In a recent publication from our laboratory (47) using liquid chromatography coupled mass spectrometry (LC-MS), a fragment of the human haptoglobin molecule was identified in the culture medium. Rather than analyzing the embryonic secretome, the aim this experiment was to use preexisting molecules present in the cell culture media as biomarkers. Haptoglobin - which was detected in the culture medium - is not a product of the developing embryo; the polypeptide is a contaminant of the human serum albumin standard used to supplement the culture medium (47,48). During the first three days of embryo development the formation of a subunit (alfa-1) of the human haptoglobin molecule was observed. This subunit similar to the total haptoglobin molecule was detectable in the blank control medium samples as well. The differentiation of the viable and non-viable embryos was done using the observation that compared to blank controls the samples of embryos which later did not resulted in pregnancy contained the alpha-1 subunit in a much larger quantity than the samples of embryos which did (Figure 2). 160 samples of 77 Day-3 old embryos were analyzed. Clinical statistical analysis of the results revealed that the specificity of the diagnostic test was 64%, while the sensitivity was 100%. It is more informative that the positive predictive value of the assay was 51% and – maybe more importantly – the negative predictive value was 100%.

Figure 2

The mean difference in the amount of the haptoglobin alpha-1 peptide fragment between viable and non-viable embryos

The mean difference in the amount of the haptoglobin alpha-1 peptide fragment between viable and non-viable embryos.

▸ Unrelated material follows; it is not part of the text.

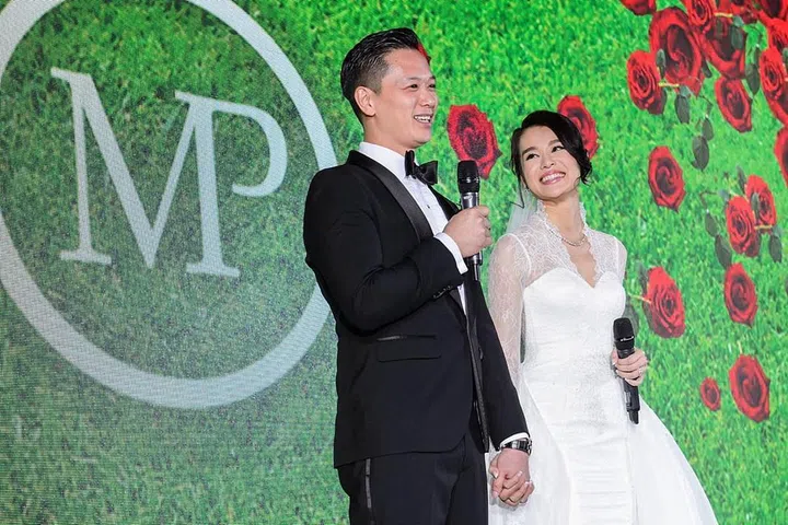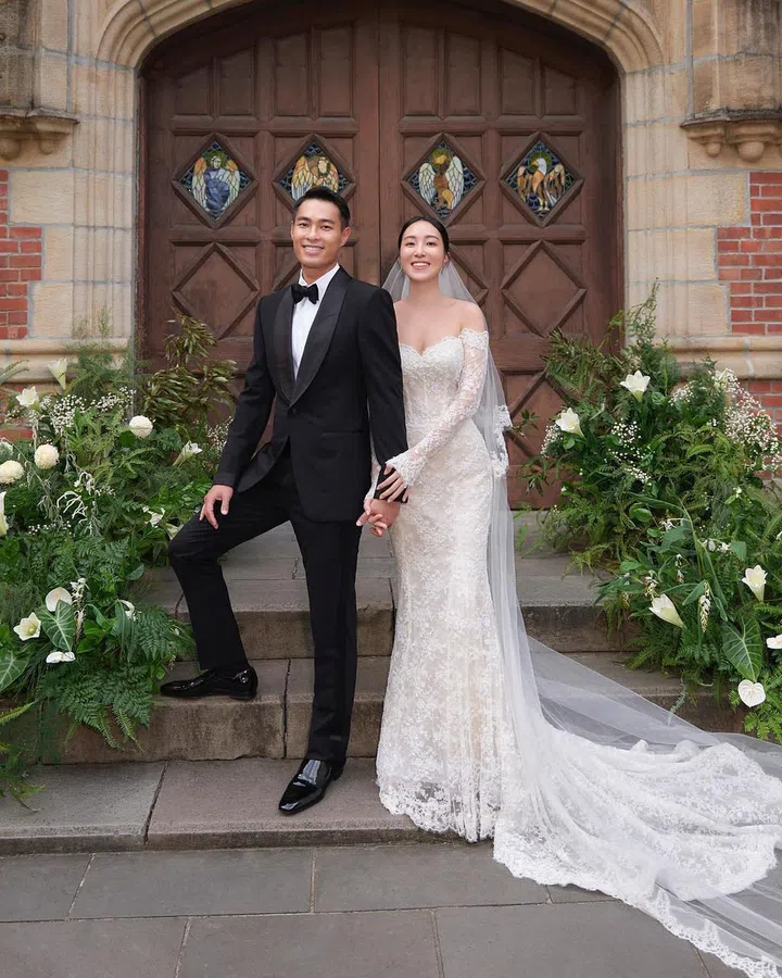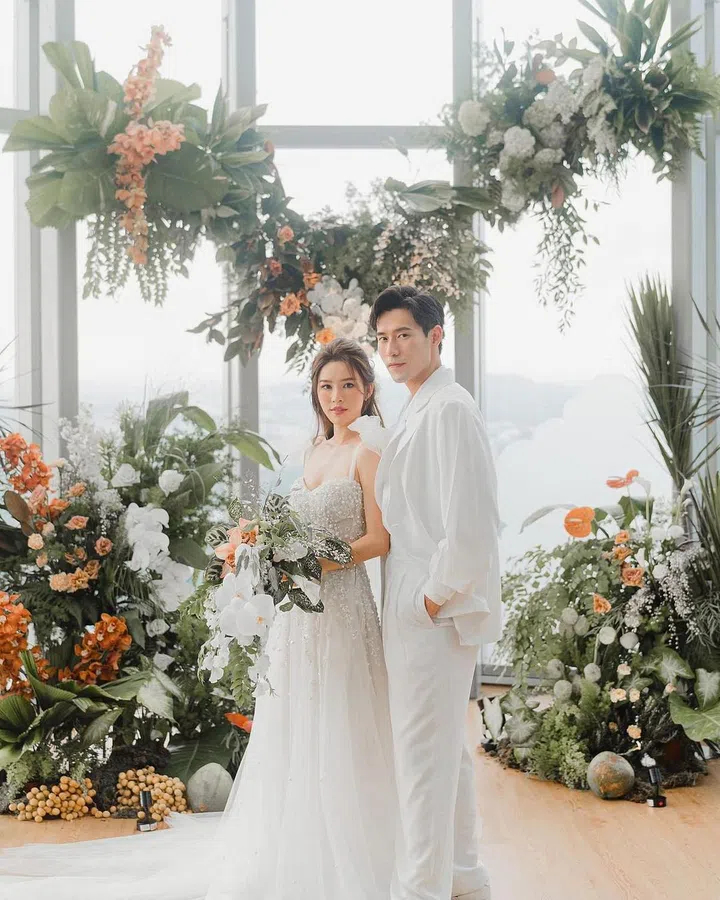 林慧玲与同龄圈外混血男友Matthew Webster在2022年11月27日于新加坡丽嘉登美年大酒店(The Ritz-Carlton, Millenia Singapore)举行盛大婚礼,宴请600多位宾客,一同见证小两口的幸福时刻。婚礼上,新娘选择了简约大方的Viktor & Rolf高定婚纱,以船形领口搭配合身剪裁,身后饰有蝴蝶结细节拖尾,衬托出优雅高贵的气质。

The quantification of the biomarker (n=160) was carried out by mass spectrometric detection following reverse-phase HPLC separation; the analyzed sample volume was 25 µl. In the samples of the non-viable embryos (no pregnancy) the fragment was present in a significantly larger (p<0.001) content than in the sample of the viable (live birth) embryos.

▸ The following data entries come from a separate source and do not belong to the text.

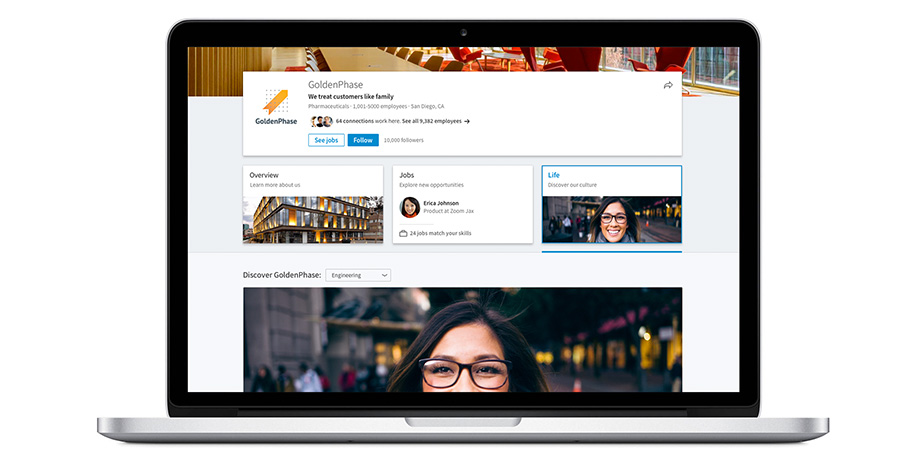 - Het aantrekken van talent. Door de bedrijfscultuur goed in te richten op de pagina werkleven, met aantrekkelijk beeldmateriaal en eventueel video’s, heb je de mogelijkheid een goede eerste indruk te geven aan nieuw talent. Het is een win-win-situatie als medewerkers van de organisatie hun LinkedIn-profiel zo volledig mogelijk inrichten. De profielen van werkzoekenden en medewerkers worden gematcht. Bij een match krijgt de bezoeker dit op de vacaturepagina te zien. Dit kan potentiële medewerkers inspireren bij het beoordelen van de organisatie.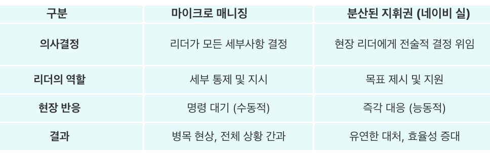 2. 네이비 실의 해결책: 분산된 지휘권 (Decentralized Command)
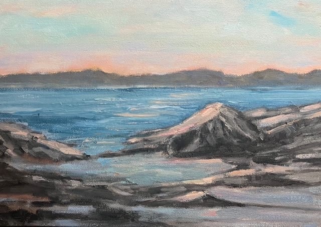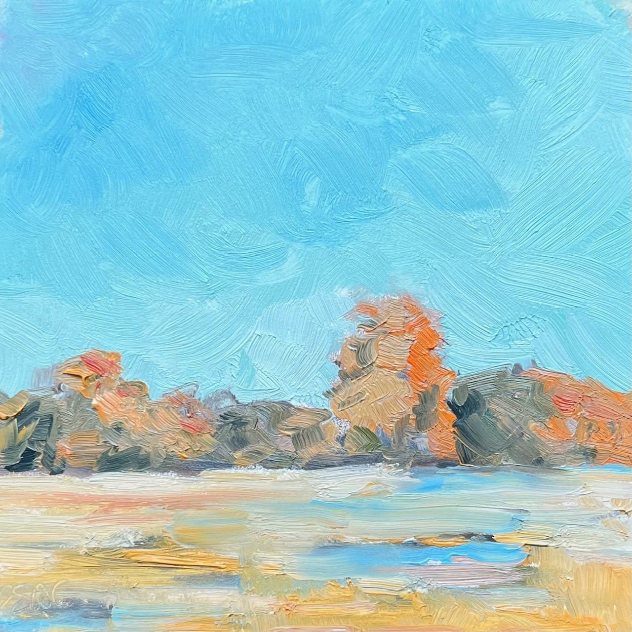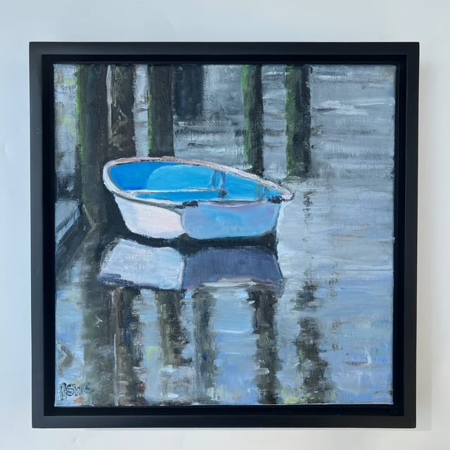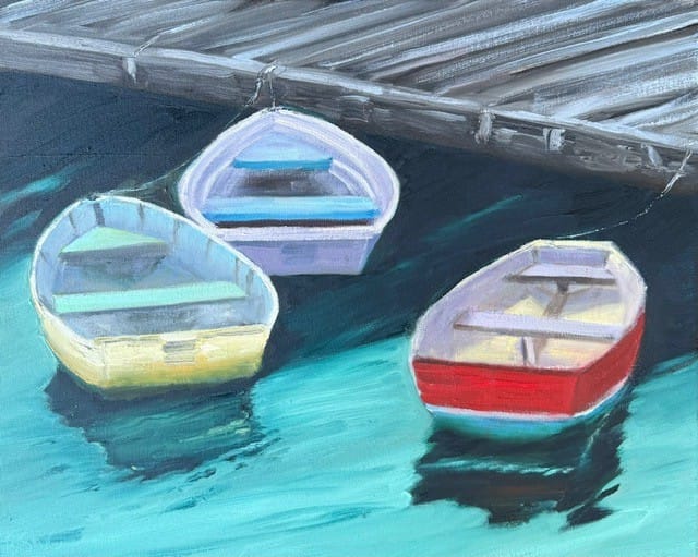 “I did A-levels in art, although I didn’t study art in college — but it was always a hobby. When we moved to the area, I was looking for something to do when my husband Mark went cycling and my daughter was in day care. I took an oil painting class in Lexington,” she says.
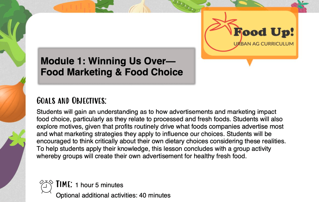- Module 0: How to use the Food Up! curriculum—tips, tricks, and background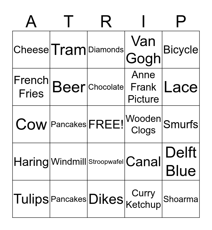 This bingo card has a free space and 24 words: Windmill, Pancakes, Chocolate, Tulips, Bicycle, Cheese, French Fries, Tram, Wooden Clogs, Stroopwafel, Anne Frank Picture, Cow, Canal, Delft Blue, Beer, Curry Ketchup, Smurfs, Diamonds, Lace, Pancakes, Shoarma, Haring, Van Gogh and Dikes.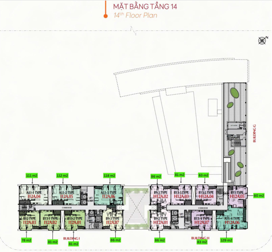 Mặt Bằng Tầng 14 The Peak – M8A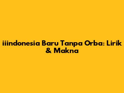 Hey guys! Have you ever stumbled upon a song that just resonates with a particular moment in history? Today, we're diving deep into a song that does just that: "iiindonesia Baru Tanpa Orba." This isn't just a tune; it's a powerful anthem reflecting a pivotal time in Indonesian history. We'll explore the lyrics, dissect the meaning, and understand the context that makes this song so significant. So, grab your headphones and let's get started!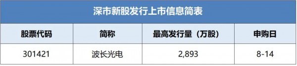 波長光電擬首次公開發行2893.00萬股,占發行后總股本比例25%;發行后總股本為1.16億股。初步詢價日期為2023年8月8日,申購日期為2023年8月14日。

Receiver operating characteristic (ROC) analysis provides tools to select possibly optimal models and to discard suboptimal ones. ROC analysis is related in a direct and natural way to cost/benefit analysis of diagnostic decision-making. The ROC curve of the morphological versus metabolomic approach in relation to the correct prediction of pregnancy outcome is illustrated in Figure 3. It is obvious that our biochemical investigation method enables a selection of the embryos by sorting out the non-viable ones. The test selected with 100% potential the embryos, which did not lead to successful implantation at all.

Figure 3

Receiver operating characteristics (ROC) curve of the blinded, retrospective cohort study

Embryo viability prediction was made using the data of the mass spectrometric haptoglobin alpha-1 chain quantification. n=160, the area under the curve (AUC) is 0.906.

A ROC curve (blue line) visualizes a calculation by graphing the sensitivity on the y-axis (vertical) and the false positive rate (1-specificity) on the x-axis (horizontal) for all possible cut-off values of the diagnostic test. The green line is the reference line. The AUC is used as a measure of the performance of a diagnostic test against the ideal and may also be used to compare different tests.

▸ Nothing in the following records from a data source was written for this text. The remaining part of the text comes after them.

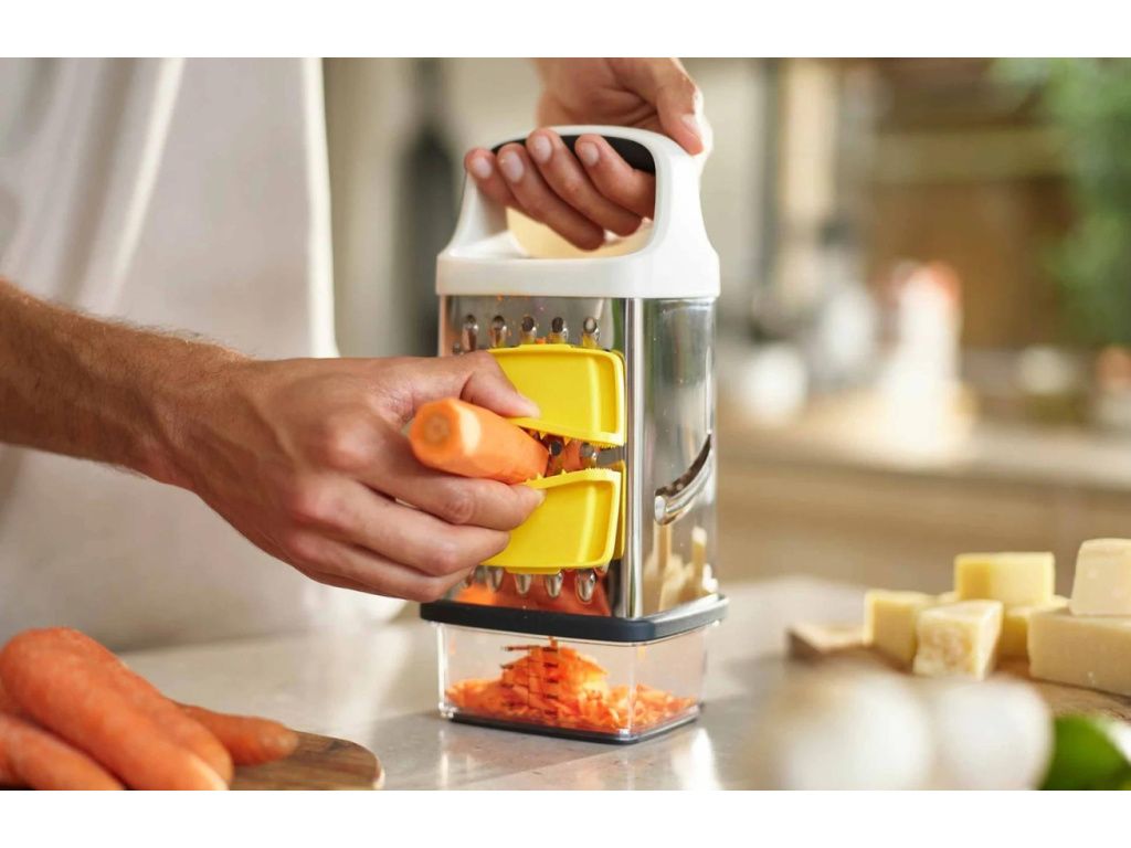 Struhadlo Multi-Grip od Joseph Joseph s inovativním držákem je skvělým pomocníkem pro bezpečné strouhání potravin. Precizní tvar držáku zajišťuje bezpečné strouhání malých i velkých kousků. Nejmenší kousky surovin lze držákem uchopit jako malými kleštičkami. Bezpečně tak můžete strouhat nebo plátkovat ředkvičky i malé stroužky česneku. Struhadlo z nerezové oceli nabízí tři stupně hrubosti a plátkovací břit. Ve spodní části struhadla se nachází průhledná sběrná miska s odměrnými ryskami a protiskluzovou základnou. K dobré stabilitě přispívá i ergonomický tvar madla.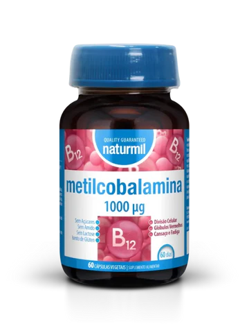 A metilcobalamina 1000 mcg da Naturmil é um suplemento alimentar à base de vitamina B12 na sua forma activa, indicado para apoiar o normal funcionamento do sistema nervoso, a produção de energia e a formação de glóbulos vermelhos. É especialmente útil em situações de carência de vitamina B12, fadiga, cansaço físico e mental, ou em regimes alimentares com ingestão reduzida desta vitamina. A vitamina B12 contribui ainda para o metabolismo energético normal, para o funcionamento psicológico adequado e para a redução do cansaço e da fadiga.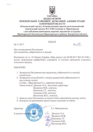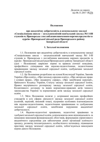 Положення про академічну доброчесність в комунальному закладі «Спеціалізована школа – загальноосвітній навчальний заклад №1 І-ІІІ ступенів м. Приморська з поглибленим вивченням окремих предметів та курсів» Приморської міської ради Приморського району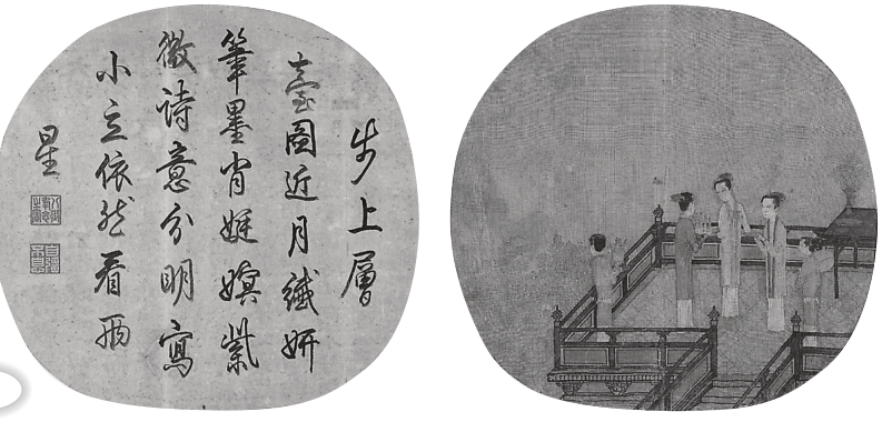 《梅月嫦娥图》(扇页,局部)费以耕、张熊绘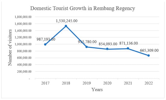 Domestic tourist growth data of Rembang Regency, 2017–2022 [4].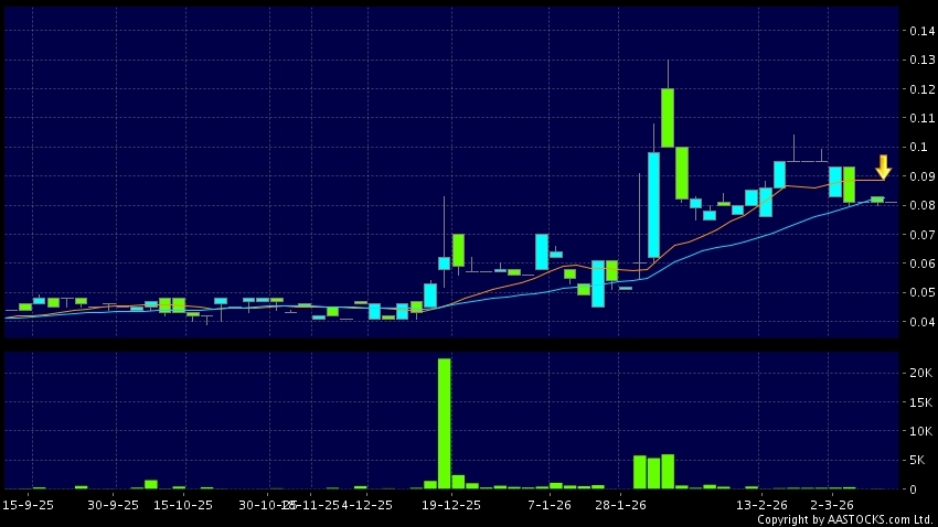 華美樂樂(08429.HK) -0.012 (-15.789%) 10天移動平均線跌穿20天移動平均線,出現死亡交叉。現價報0.081,無升跌,成交量0.00股,成交額0.00。

One of the areas of collaboration between clinicians, the clinical laboratory and the research laboratory at the University of Pécs is related to the research of infertility. Since the clinical background gives the beauty and the medical importance of laboratory research, it was of outstanding importance for us to receive the EFLM-Abbott Diagnostics Award for Excellence in Outcomes Research in Laboratory Medicine (Paris, 2015), the award given to the best published paper (47), as judged by an independent panel of experts, which demonstrates improved outcomes arising out of the application or improved utilization of an in-vitro diagnostics test. This short review summarizes some of our recent findings and views on this field.